Collectively, our writing team has more than four decades of special operations experience. One member of our team recently concluded serving as the acting assistant secretary of defense for special operations and low-intensity conflict. We believe proper civilian oversight would consist of an assistant secretariat of special operations that reports directly to the secretary of defense on personnel, training, and equipping issues. This office would remain at the assistant secretary level, but would be independent and not fall under any undersecretary. Without stronger guidance and oversight from civilian leadership in the Pentagon and Congress, it is unlikely that U.S. Special Operations Command will enact the necessary changes to produce capable and ethical special operations forces — forces vital in competition against great power rivals like China and Russia.
The Trouble with Autonomy
The challenge of great power competition also presents an opportunity for America’s special operators to revolutionize and modernize. The command could develop entirely new skillsets like those associated with artificial intelligence and big data analysis, or it could elevate existing skills like psychological operations. It could use experimental forces to develop new organizational constructs and operating concepts suited for great power competition. Special operations forces participate in new organizational structures aimed at defeating near-peer adversaries, but these organizations are designed for conventional armed conflict rather than great power competition. Instead, the command has chosen incremental change rather than large-scale innovation because it does not want to risk moving away from the personnel and operations that previously won it resources, prestige, and autonomy.
Beyond the lack of true innovation, a series of legal and ethical problems threatens to destroy the force’s credibility and undercut the broad, bipartisan congressional support it has gained over the past two decades. Documented expertly by Andrew Milburn, some of the ethical issues include the 2017 killing of a Special Forces soldier by a Navy SEAL in the wake of a sexual assault gone wrong, spousal murder, child rape, and drug trafficking — events that indicate organizational issues. Most men and women in special operations conduct themselves impeccably, but these incidents point to problems that must be addressed.
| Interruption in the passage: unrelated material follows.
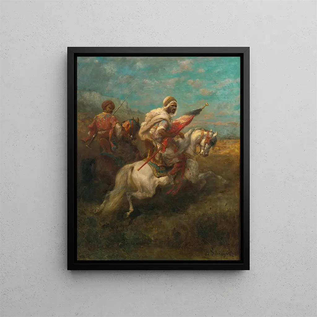 Choosing an art print of "Deux éclaireurs à cheval" by Adolf Schreyer means selecting a piece that transcends simple decoration to become a true work of art, capable of elevating the ambiance of any interior. Signed Artem Legrand, this reproduction is a tribute to refined aesthetics and Schreyer's artistic heritage. Every detail is carefully reproduced, allowing enthusiasts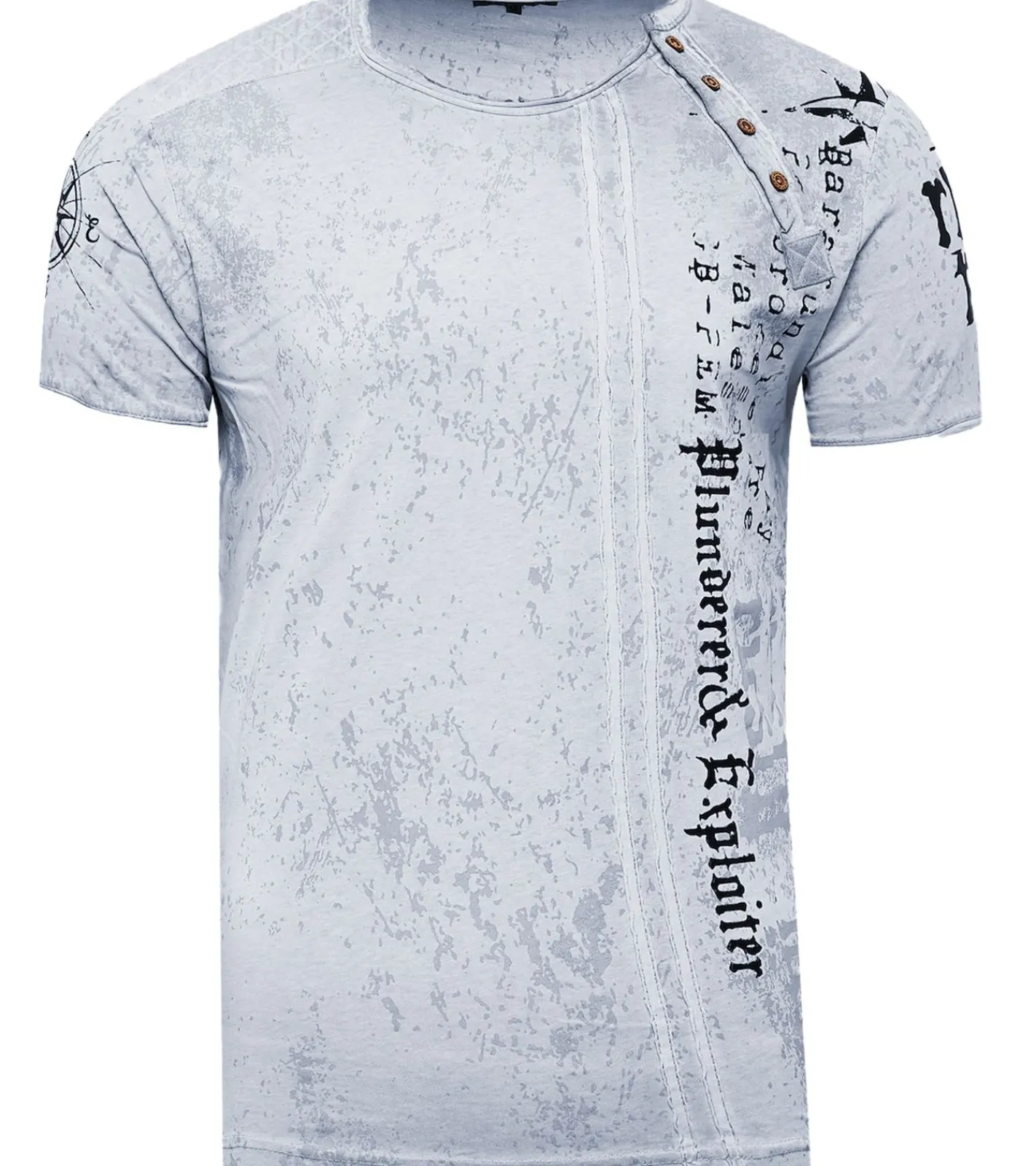 Herren T-Shirt mit Plunderer & Exploiter Print Baumwoll-Shirt Rundhals-Shirt R-15191 Grau

Despite these high profile incidents, U.S. Special Operations Command’s recently published ethics review ordered by Gen. Richard Clarke conclude that the command “does not have a systemic ethics problem.” The report blames overemphasis on operations at the expense of training and force development. This authorship team lauds the findings and hopes U.S. Special Operations Command empowers its implementation team. However, we assess that a lack of civilian oversight has, at least in part, contributed this situation. Without true external evaluation, we question the organization’s ability to police itself.
As U.S. Special Operations Command’s manpower and resources have grown since 9/11, the civilian oversight regime in both the Pentagon and Congress has failed to keep pace. While willful neglect of special operations oversight was convenient for U.S. Special Operations Command, Pentagon officials, and members of Congress when the global war on terror was the country’s main national security effort, weak oversight of special operations forces will not force the organization to undertake the necessary adaptations required to compete with near-peer adversaries.
The Special Operations Oversight Regime
The Cohen-Nunn Amendment to the 1987 National Defense Authorization Act created both U.S Special Operations Command and the assistant secretary of defense for special operations and low-intensity conflict. U.S. Special Operations Command was to solve inter-service coordination problems in the wake of high-profile special operations failures. However, the command was also considered a “service-like” organization with the responsibility for writing doctrine, training, and equipping special operations forces.
The original intent for assistant secretary of defense for special operations and low-intensity conflict is clear: His “principal duty [is] the overall supervision (including oversight of policy and resources) of special operations activities …” But unlike the role of the military’s service secretaries, whose positions and organizations are outlined in Title 10, the specific organization and authorities of the assistant secretary have never been clearly defined or appropriately resourced. As Susan Marquis accounts in her book Unconventional Warfare, Congress was so focused on protecting U.S. Special Operations Command from the military services in its early years that little attention was paid to properly developing the civilian oversight regime.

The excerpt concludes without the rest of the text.